The model may use and/or include flux balance analysis, such cooperative tradeoff flux balance analysis. Flux balance analysis is configured to optimize a particular object (e.g., biological or biochemical objective). Cooperative tradeoff flux balance analysis may prioritize and/or reward multiple variables, such as community-wide/individual growth (corresponding to a full microbial community), taxon-specific growth (specific to a given taxon) and/or production of short-chain fatty acids. It will be appreciated that community-wide/individual growth can represent a degree to which a community of bacteria (i.e., a group of different bacterial speciese that live and interact within a shared environment) grows (e.g., across simulated time points).
The model may have been trained using data corresponding to subjects that have experienced and/or been diagnosed with C. difficile infection and/or recurrent C. difficile infection. Additionally or alternatively, the model may be configured to generate predictions that assume that a subject has experienced at least a threshold number of C. difficile infections (e.g., at least one, at least two, at least five infections) or that has or has been diagnosed with recurrent C. difficile infection.

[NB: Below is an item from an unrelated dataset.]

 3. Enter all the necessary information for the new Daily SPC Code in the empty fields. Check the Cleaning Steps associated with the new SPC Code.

It will be appreciated that disclosures presented herein that relate to C. difficile may be expanded or altered to additionally or alternatively relate to other pathobionts. For example, in some embodiments, a model disclosed herein (e.g., that uses flux balance analysis, cooperative tradeoff flux balance analysis, etc.) may be configured to predict production of, existence of, or amount of one or more other microbial metabolites (e.g., short-chain-fatty-acids, hydrogen sulfide or trimethylamine N-oxide). Thus, disclosed embodiments present a new path forward in engineering the ecological composition and metabolic outputs of microbiota to prevent and treat disease.

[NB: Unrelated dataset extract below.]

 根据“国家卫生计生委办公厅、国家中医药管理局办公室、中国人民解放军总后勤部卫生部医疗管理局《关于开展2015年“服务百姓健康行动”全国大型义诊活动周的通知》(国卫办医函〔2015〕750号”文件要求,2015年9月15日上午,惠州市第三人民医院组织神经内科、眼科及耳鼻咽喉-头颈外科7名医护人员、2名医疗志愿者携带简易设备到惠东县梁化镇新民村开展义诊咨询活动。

Implementation of, execution of, and/or assessment of the model may be augmented with recommending and/or initiating an intervention comprising (for example) one or more antimicrobials, prebiotics, probiotics, fecal microbiota transplants, dietary interventions, or a combination thereof. In certain embodiments, the intervention further comprises generating an intervention efficacy score by comparing the engraftment potential of the engraftment bacteria with and without the intervention. a specific example is where the intervention efficacy score comprises a ratio of the engraftment potential of the engraftment bacteria with and without the intervention.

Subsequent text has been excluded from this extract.